Very cool. How is this setup working for you at these events?


----------



## Doubleexposure (Feb 15, 2009)

If you have a few thousand subscribers to a few sites you should be able to sell enough items to them and their friends to be able to afford your choice of equipment. If I were you Id get smaller/cheeper tools such as plastic tables and paper signs at first. Just a thought, Very good luck to you. let us know how things go.


----------



## greyhorsewoman (Jul 19, 2007)

I vendor at dog / pet events (entering 7 years now). Definitely reconsider your tabling - what you listed takes of 70 sq ft of 100 sq ft available in your tent. jfrederi is right with the 2x4 tables ... even 6 of them takes up half the square footage of a 10x10 tent, but they are much easier to pack & arrange for best usage.

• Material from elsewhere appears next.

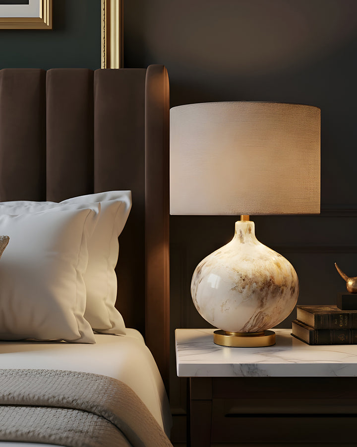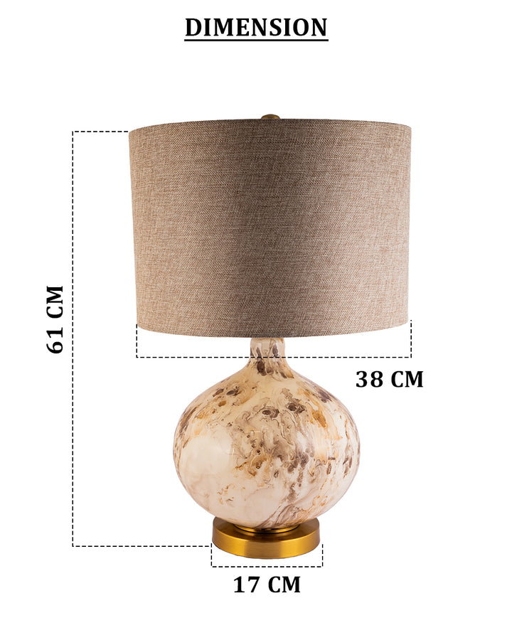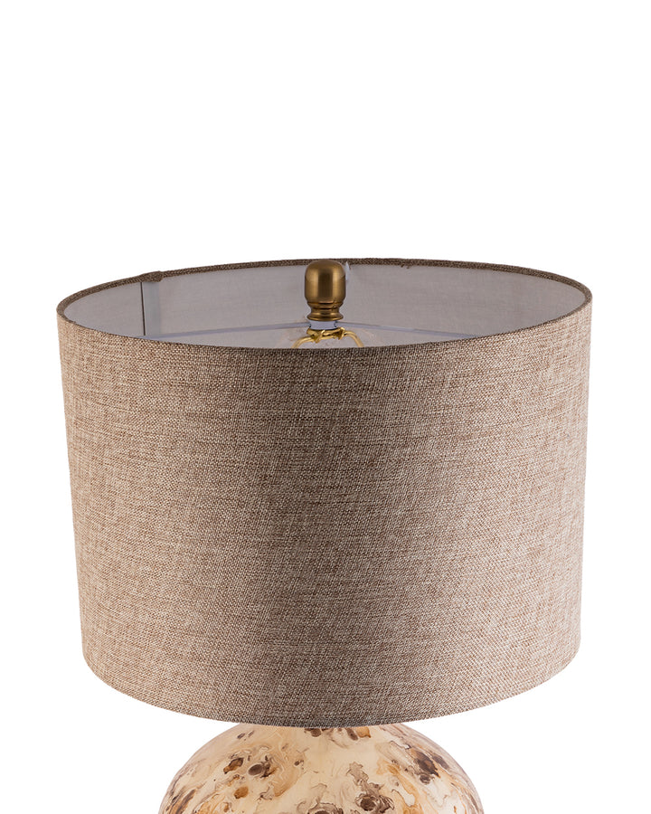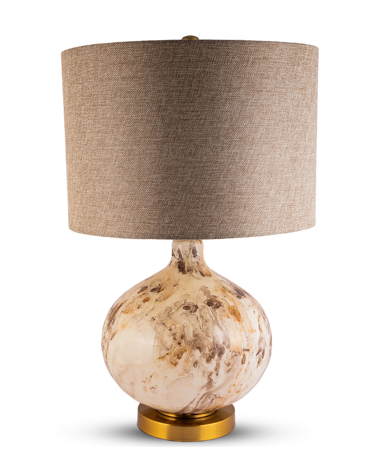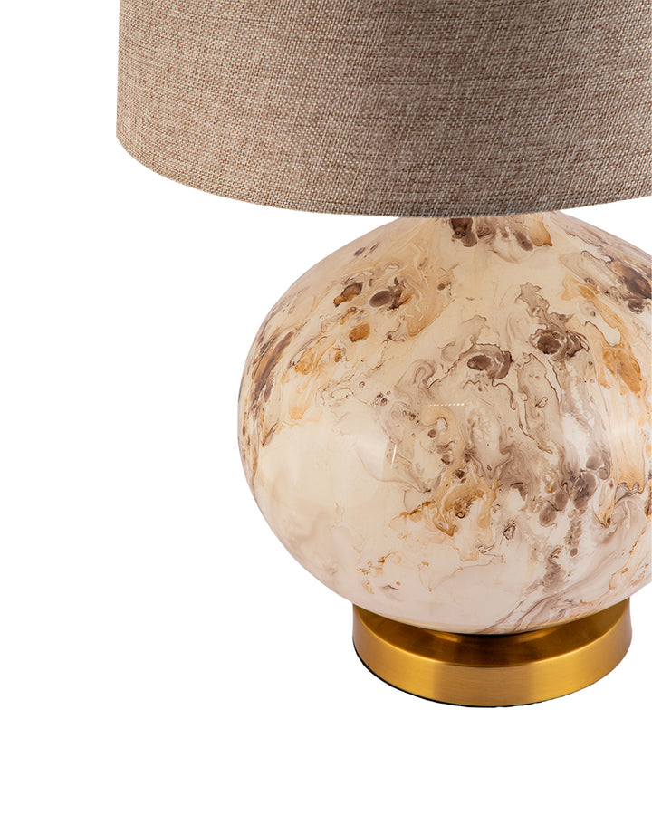 Elegant glass lamp with a swirling marble-like pattern in earthy tones, a gold-toned base, and a soft, neutral fabric shade.
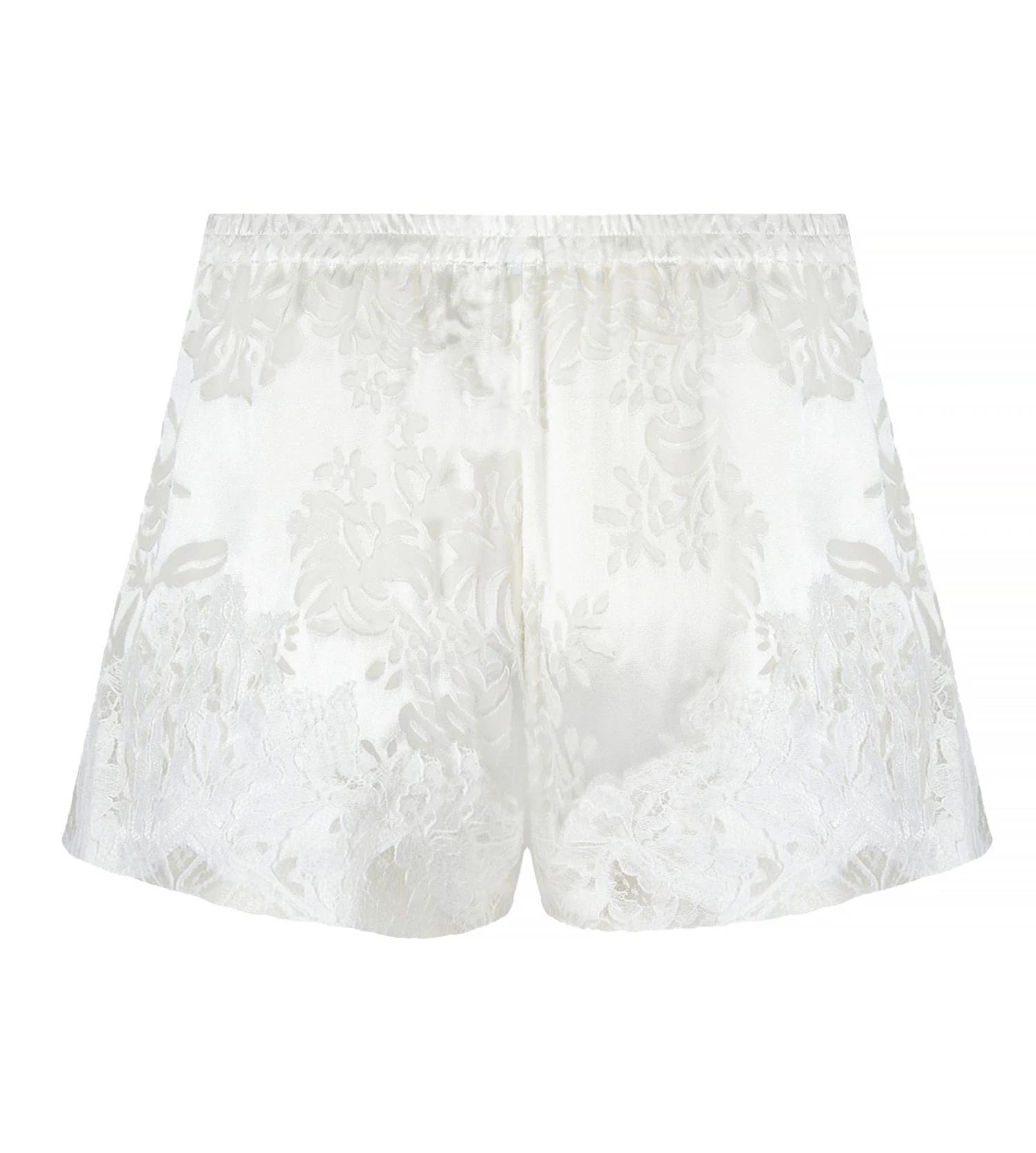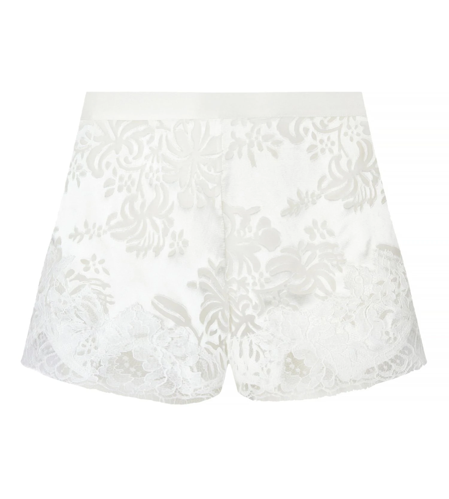 Ce short se pare d’une nuance lumineuse Écru Nacre, sublimée par un mélange de viscose et de soie dévorée créant des reflets subtils. Les ourlets sont délicatement garnis d’un galon de dentelle Rachel Jacquardtronic, offrant des motifs ajourés en relief pour une allure sensuelle et moderne.

Just a few things to consider ... I started out with 2-8ft & 3 6ft for my 10x20 booth and now use 6- 2x4 instead. Scraped our chairs for cheap foldaways stools. When we are busy, we need them out of the way, when we aren't, it isn't necessary to get that comfy.

Outdoor shows vary according to venues. Some places are laid back and you can set up and spread out, others require you to contain yourself in the 'rented' area. Weather will impact how you deal with customers. When it rains, everybody needs to get 'under' ~~ sometimes when its TOO hot, it's nice to get out of the sun. 

Most 10x10 foldaway tents are water 'resistent' not water PROOF ... they will drip when you encounter heavy rains.

Good luck with your new venture.


----------



## tshirtfactory79 (Feb 2, 2009)

Costco has tables and durable, easy to put up tents for less. I've used Insta graphics presses for many years and will press thousands of shirts non-stop. Have you considered sourcing your digitals out and pressing them yourself?


----------



## Jamey (Dec 22, 2008)

Yes. I am considering this.*
*


----------



## mrbigjack50 (Jun 9, 2008)

Jamey said:


> I have been told that using the GX7000 for shirt transfers will not be economical. So lets say I get one setup for sublimation. Would it alone be ideal for taking to events, shows, and such?
> 
> I also want an Epson 7880 for various in house projects.


You can get a 7800 a heck of alot cheaper and will print just as good as 7880
only difference is that 7880 has a "vivid magenta" not much difference in most colors


----------